Deep underground, deeper than the oceans, scientists have found a world teaming with life: creatures that together outweigh the total mass of all humans hundreds of times.
The creatures of the Deep Earth, as scientists call it, aren’t exactly visions from science fiction—unless viewed through a microscope—but could give clues about alien life.
Microorganisms buried in the earth’s subsurface form a complex, massive biosphere that stretches up to 3.5 miles deep, according to scientists who have spent 10 years pulling core samples from the earth’s crust.
The deep biosphere is a “subterranean Galapagos” that contains about 70 percent of the planet’s bacteria and other microorganisms. It is double the volume of the world’s oceans and home to organisms with a total carbon weight of 15 to 23 billion tons.
“A decade ago, we had no idea that the rocks beneath our feet could be so vastly inhabited,“ said Isabelle Daniel, Professor of Bio-geology at the University of Lyon, France, in a statement. ”Experimental investigations told us that microbes could potentially survive to great depth; at that time, we had no evidence, and this has become real 10 years later. “
Life on Mars
Advances in DNA sequencing and deep ocean drilling allowed researchers to examine the composition of the deep biosphere, as they drilled 1.5 miles into the seafloor, and sampled continental mines and boreholes more than 3 miles deep.“Deep microbes are often very different from their surface cousins, with life cycles on near-geologic timescales, dining in some cases on nothing more than energy from rocks,” said the statement from Deep Carbon Laboratory.
The research prompts more questions, according to the statement, such as how the creatures move and migrate: “How does deep life spread—laterally through cracks in rocks? How can deep life be so similar in South Africa and Seattle, Washington? Did they have similar origins and were separated by plate tectonics, for example?”

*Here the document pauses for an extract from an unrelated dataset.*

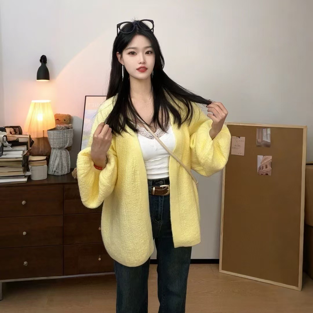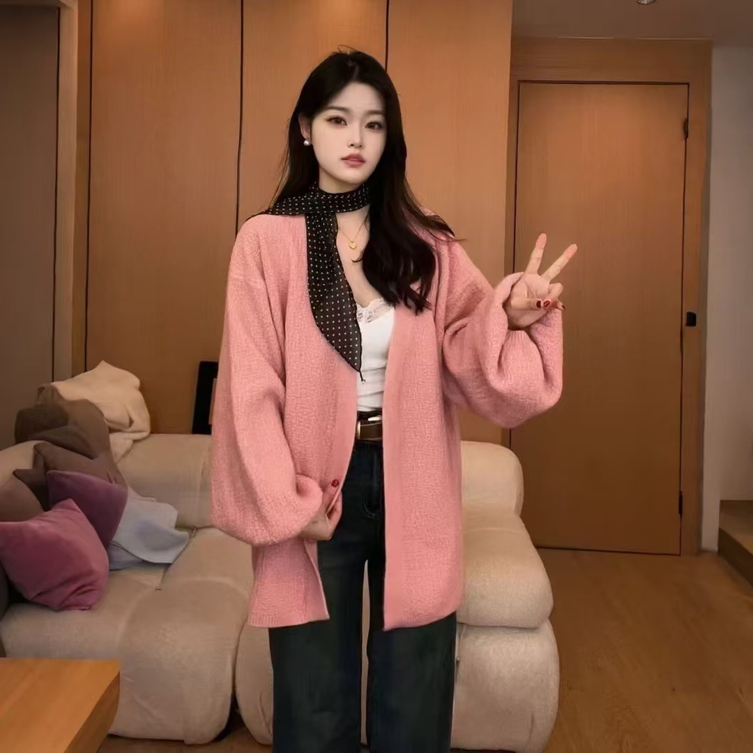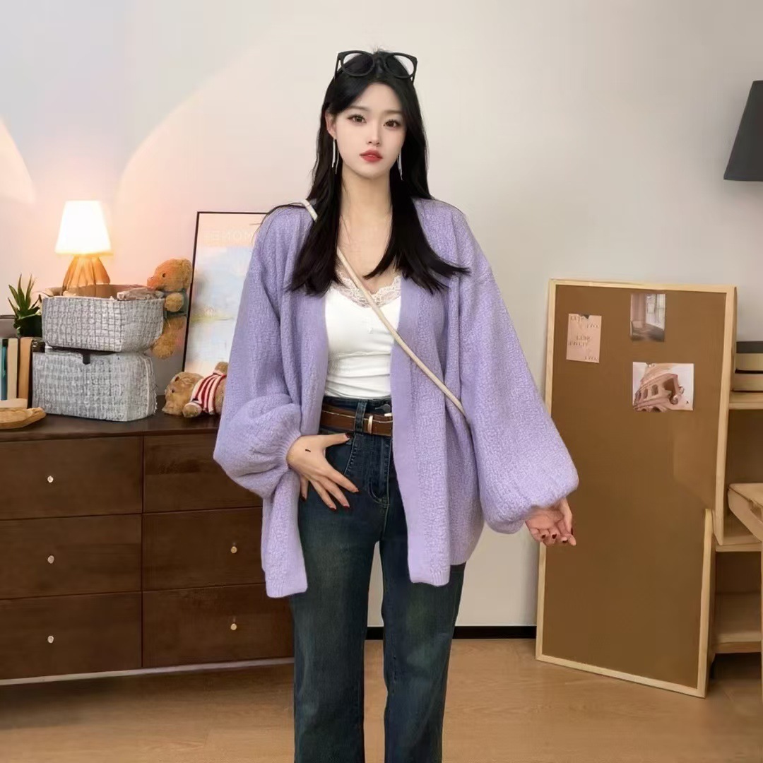 버튼이 없는 여성용 봄, 가을 게으른 스타일 니트 아우터, 두꺼운 니트 디자인, 여성용 서양식 랜턴 슬리브 아우터 재킷스토어 가기

Their findings even touch on broader questions about life on other planets.
“Even in dark and energetically challenging conditions, intraterrestrial ecosystems have uniquely evolved and persisted over millions of years,” said Fumio Inagaki, of the Japan Agency for Marine-Earth Science and Technology.
“Expanding our knowledge of deep life will inspire new insights into planetary habitability, leading us to understand why life emerged on our planet and whether life persists in the Martian subsurface and other celestial bodies.”
Despite uncovering some microbes that can thrive at 121 degrees Celsius, others that can live in pressures of 400 atmospheres, and that can exist without nutrients as microbial “zombies,” the researchers believe there are more surprises in store.
“The absolute limits of life on Earth in terms of temperature, pressure, and energy availability have yet to be found,” said the statement. “The records continually get broken.”